### INSTRUCTIONS TO FOLLOW
Every line from the one with "A close-up of" through the final line of the data below goes in the answer, copied exactly. Pictures do not.

**** DATASET ENTRIES

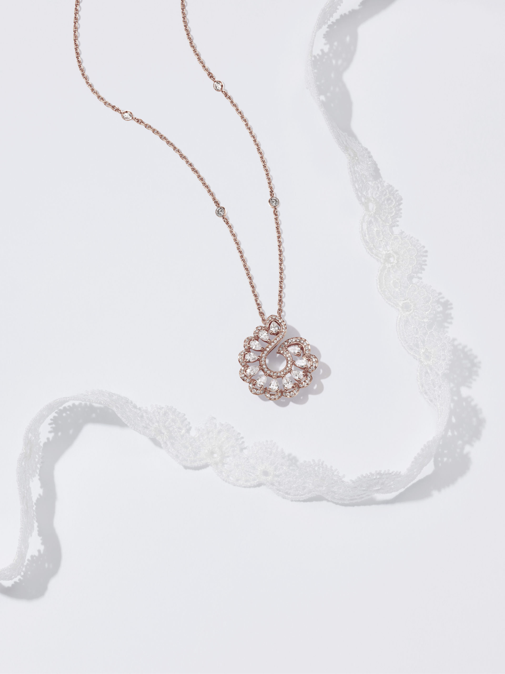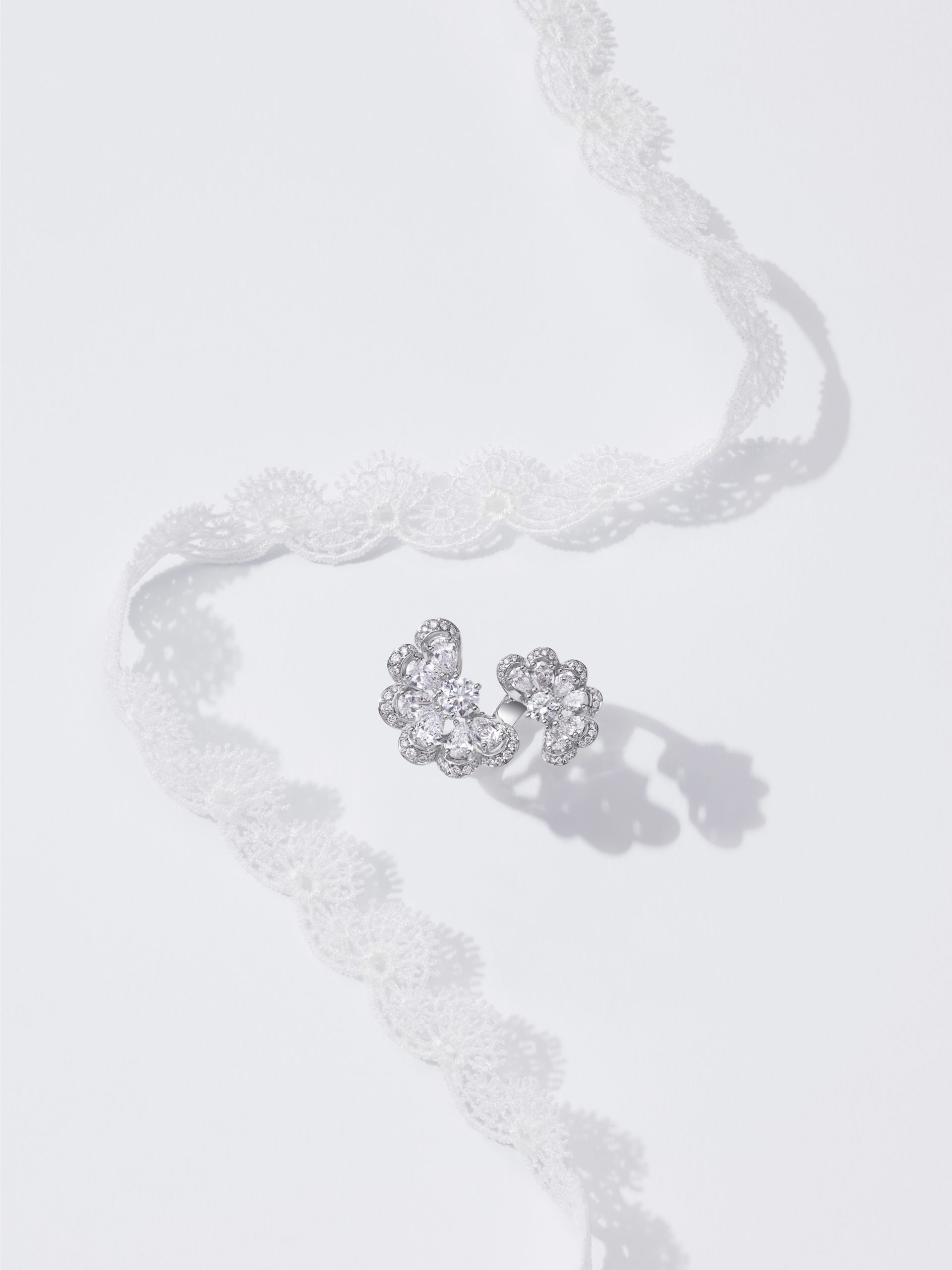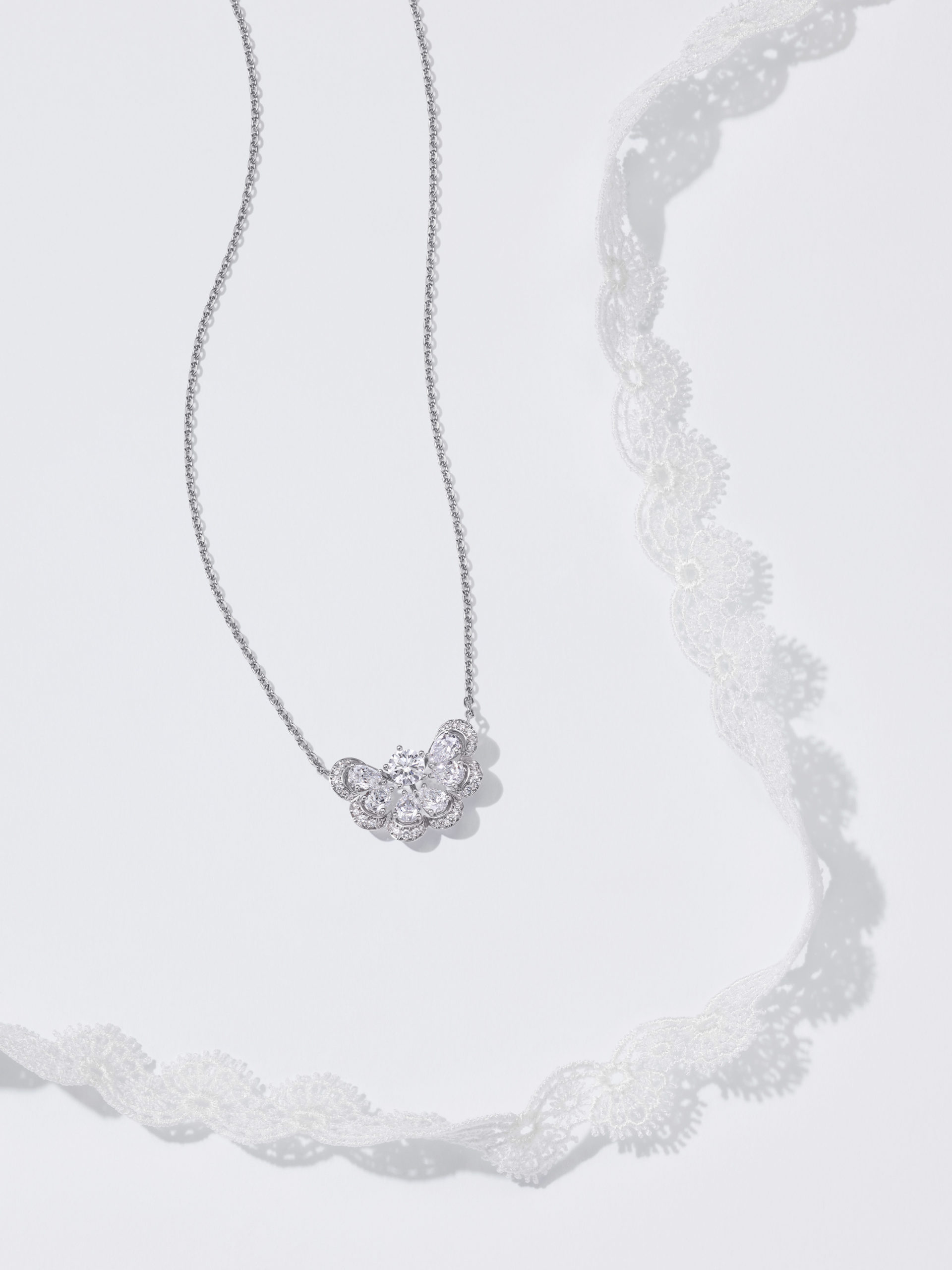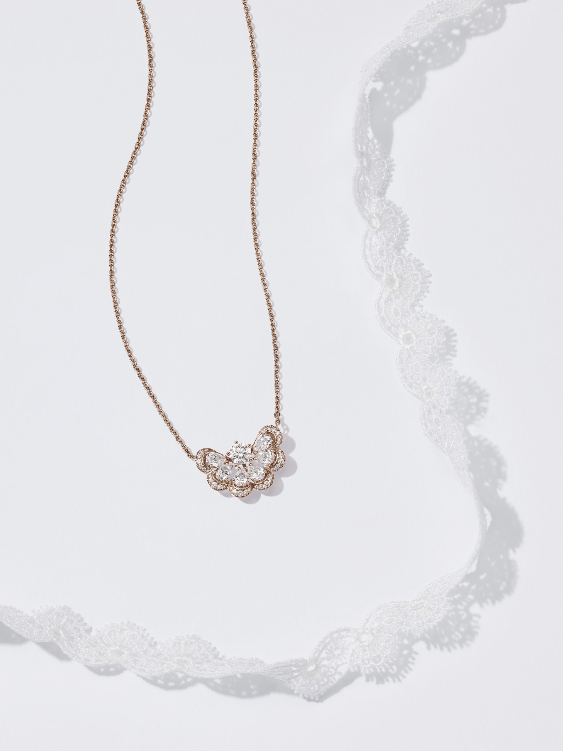 Leurs motifs font écho aux motifs floraux, aux arabesques, aux ondoiements et aux bords festonnés des fines dentelles d’autrefois. Le motif central de la collection Precious Lace – une volute rythmée et ondulante en or sertie de diamants, entourant une ligne déroulante de diamants taille poire – est maintenant miniaturisé à travers quatre dessins. Le premier, en « Vague », avec ses proportions évoquant les rouleaux d’écume se formant sur la mer, se décline en une paire de boucles d’oreilles, un pendentif et une bague. Le motif de fleur stylisée, appelé « Mini-Froufrou », avec ses bordures festonnées et ses pétales de diamant taille poire sur un fond ajouré, est travaillé en bague, en boucles d’oreilles, en pendentif et en un bracelet jonc. Un fleuron semi-circulaire de style similaire devient un pendentif et une chaîne de cou, des boucles d’oreilles et une bague dits « Nuage ». Enfin, Chopard offre à son iconique pendentif « Cœur » le traitement Precious Lace, dans deux choix de taille.
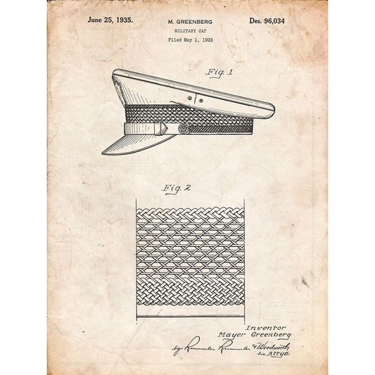 PP623-Vintage Parchment Military Hat 1935 Patent Poster Gold Ornate Wood Framed Art Print with Double Matting by Borders, Cole
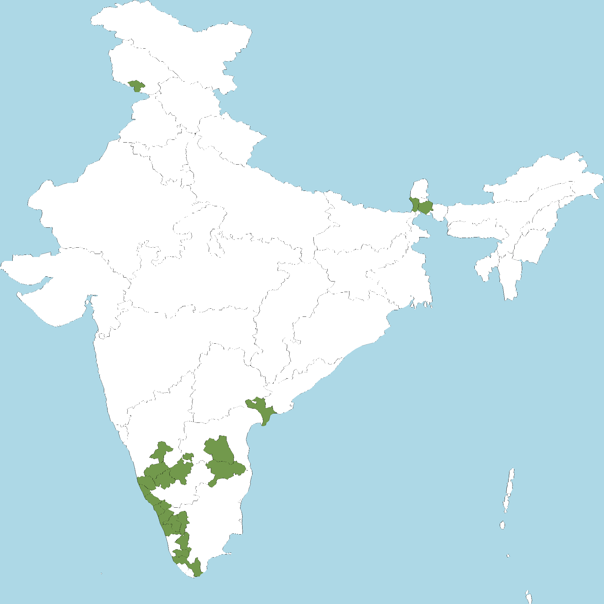 - Kerala : Kasaragod district, Kannur district, Wayanad district, Kozhikode district, Malappuram district, Palakkad district, Thrissur district, Idukki district, Pathanamthitta district, Kollam district
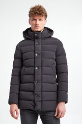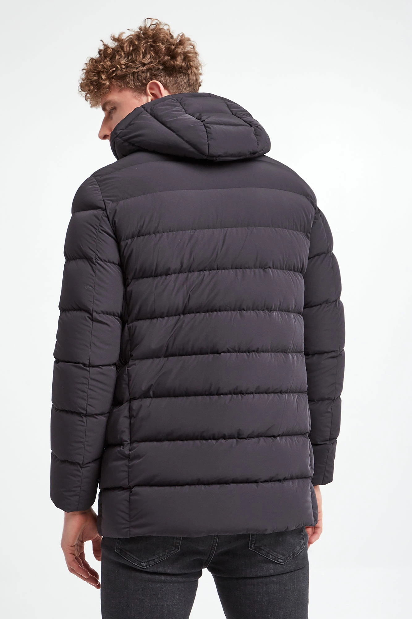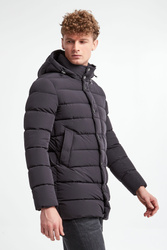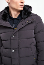 Pikowana kurtka marki Hetrego w kolorze czarnym. Model z odpinanym kapturem wykończonym regulowanym za pomocą elastycznych troczków ze stoperami. Przy kołnierzu dodatkowe futerkowe odpinane ocieplenie. Zapinana za pomocą dwukierunkowego zamka błyskawicznego i dużych, sygnowanych guzików. Dwie zewnętrzne kieszenie. Na jednej z nich niewielka naszywka z nazwa marki w kontrastowym żółtym kolorze. Dłuższy fason typu regular. Naturalne wypełnienie.
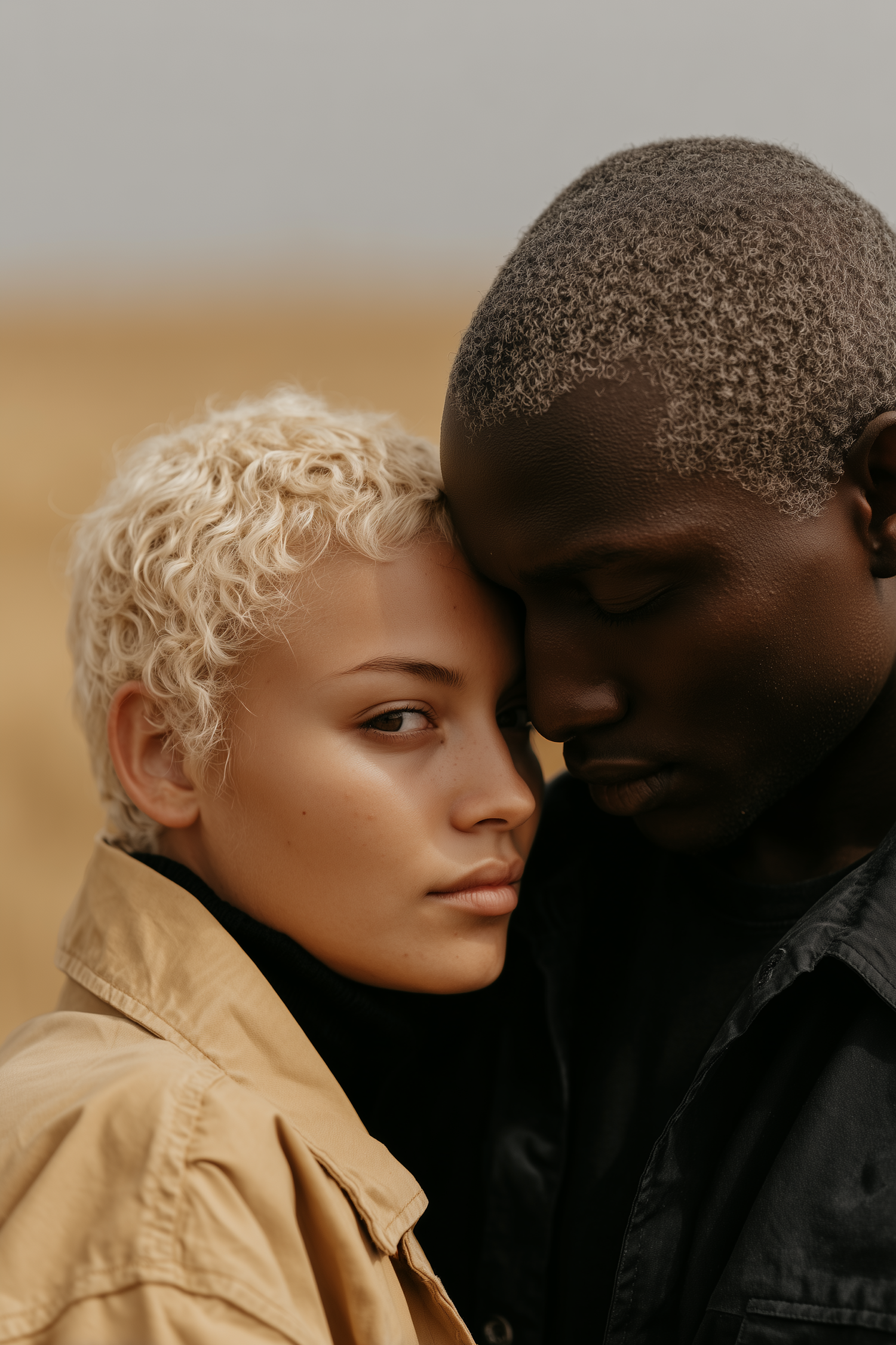 A close-up of two individuals in an intimate pose, one with blonde curls and the other with textured hair, against a softly blurred background.
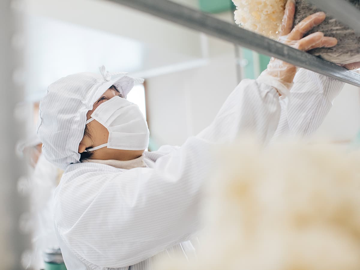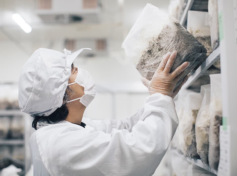 何よりも食べた人たちが笑顔になること。そのために私たちは常に品質向上を模索し続けています。色やカタチの美しさ、日持ちの長さ、栄養価の高さ、そしておいしさ。様々な側面から、より良いはなびらたけの栽培に努めています。

********

### RESULT OF THE TASK
 A close-up of two individuals in an intimate pose, one with blonde curls and the other with textured hair, against a softly blurred background.
 何よりも食べた人たちが笑顔になること。そのために私たちは常に品質向上を模索し続けています。色やカタチの美しさ、日持ちの長さ、栄養価の高さ、そしておいしさ。様々な側面から、より良いはなびらたけの栽培に努めています。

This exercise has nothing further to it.